A problem in Trigonometry (Properties of Triangles) v2

[Wrichik Basu]

Homework Statement

In any triangle ABC, prove that $$ a^2 + b^2 +c^2 =4 \Delta (\cot {A}+\cot {B}+\cot {C}) $$

Homework Equations

The Attempt at a Solution

 

[Buffu]

Homework Statement

In any triangle ABC, prove that $$ a^2 + b^2 +c^2 =4 \Delta (\cot {A}+\cot {B}+\cot {C}) $$

Homework Equations

The Attempt at a Solution

View attachment 203380

What is $\Delta$ ?

 

[Wrichik Basu]

What is $\Delta$ ?

The area of Triangle, the standard notation used in Trigonometry.

 

[Buffu]

The area of Triangle, the standard notation used in Trigonometry.

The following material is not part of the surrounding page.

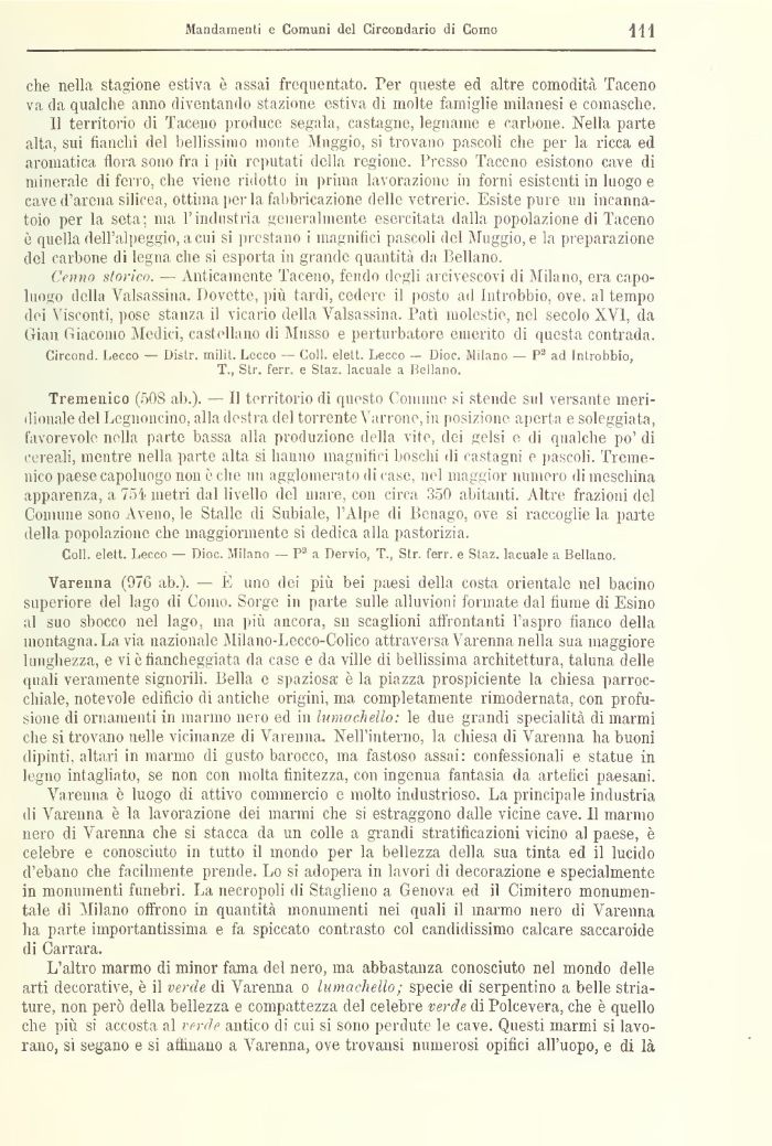 L'altro marmo di minor fama del nero, ma abbastanza conosciuto nel mondo delle arti decorative, è il verde di Varenna 0 lumachello; specie di serpentino a belle stria-ture, non però della bellezza e compattezza del celebre verde di Polcevera, che è quello che più si accosta al verde antico di cui si sono perdute le cave. Questi marmi si lavorano, si segano e si aflinano a Varenna, ove trovansi numerosi opifici all'uopo, e di là
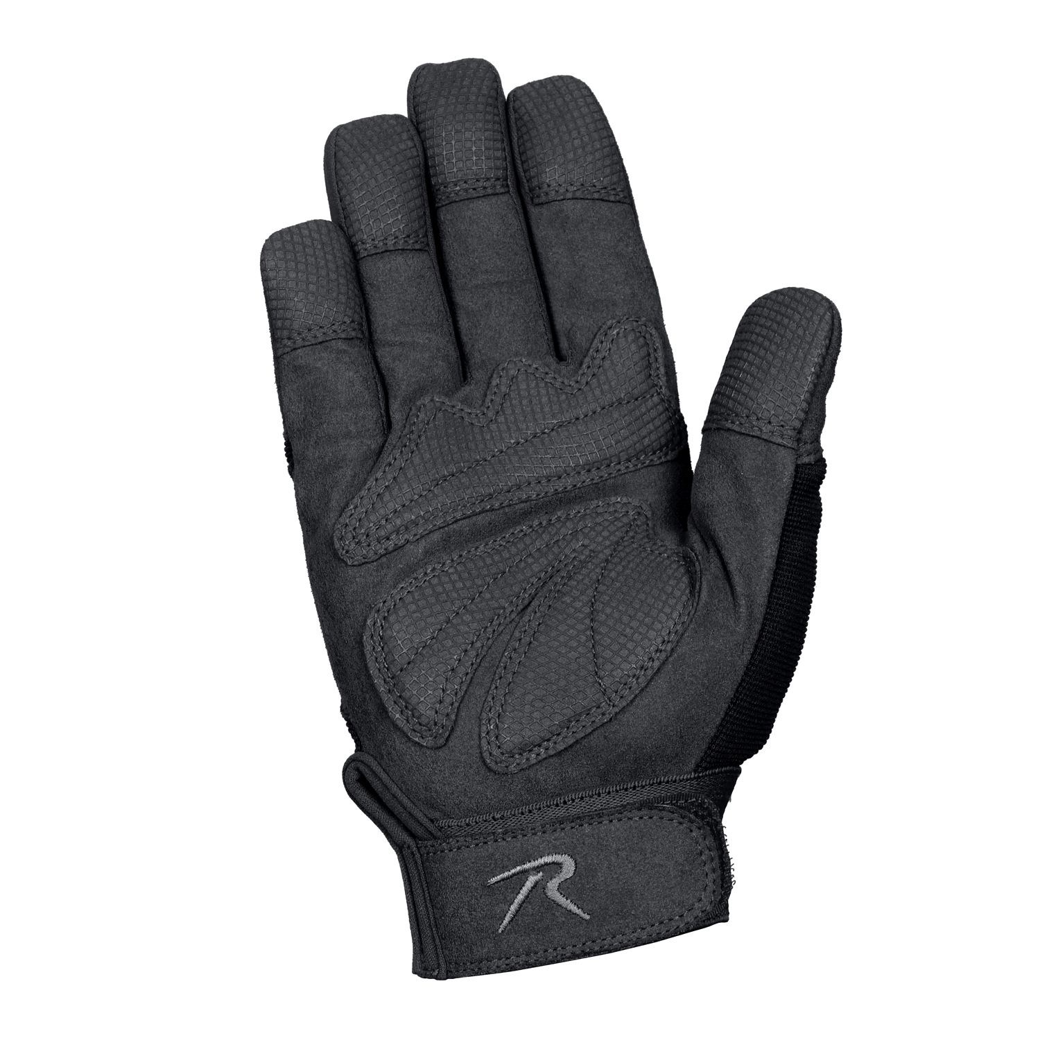 Gants de travail en tissu polyester spandex respirant, combinés à du cuir synthétique sur la paume et les doigts pour une meilleure prise en main. Poignets élastiques avec fermeture velcro. Qualité traditionnelle de la marque Rothco.

$\displaystyle {c \over \sin c} = 2R$

Check your work again, you replace $\sin c$ with $a/(2R)$, you should do $c/(2R)$

 

[Wrichik Basu]

$\displaystyle {c \over \sin^2 c} = 2R$

Check your work again, you replace $\sin c$ with $a/(2R)$, you should do $c/(2R)$

You are wrong: $$\frac {c} {\sin (c)} = 2R$$ not $$\frac {c}{\sin ^2 (c)} = 2R$$

 

[Buffu]

You are wrong: $$\frac {c} {\sin (c)} = 2R$$ not $$\frac {c}{\sin ^2 (c)} = 2R$$

Yes, that was a typo.

 

[Mark44]

What is Δ ?

The area of Triangle, the standard notation used in Trigonometry.

No, this is not standard notation for the area of a triangle. Δ is sometimes used for the discriminant of a quadratic equation, but I have never seen it used for area of any kind.

 

[Wrichik Basu]

No, this is not standard notation for the area of a triangle. Δ is sometimes used for the discriminant of a quadratic equation, but I have never seen it used for area of any kind.

Although notations shouldn't very, h ere in India we use Delta to distinguish the area of the triangle only on Trigonometry.

Discriminant is shown by D.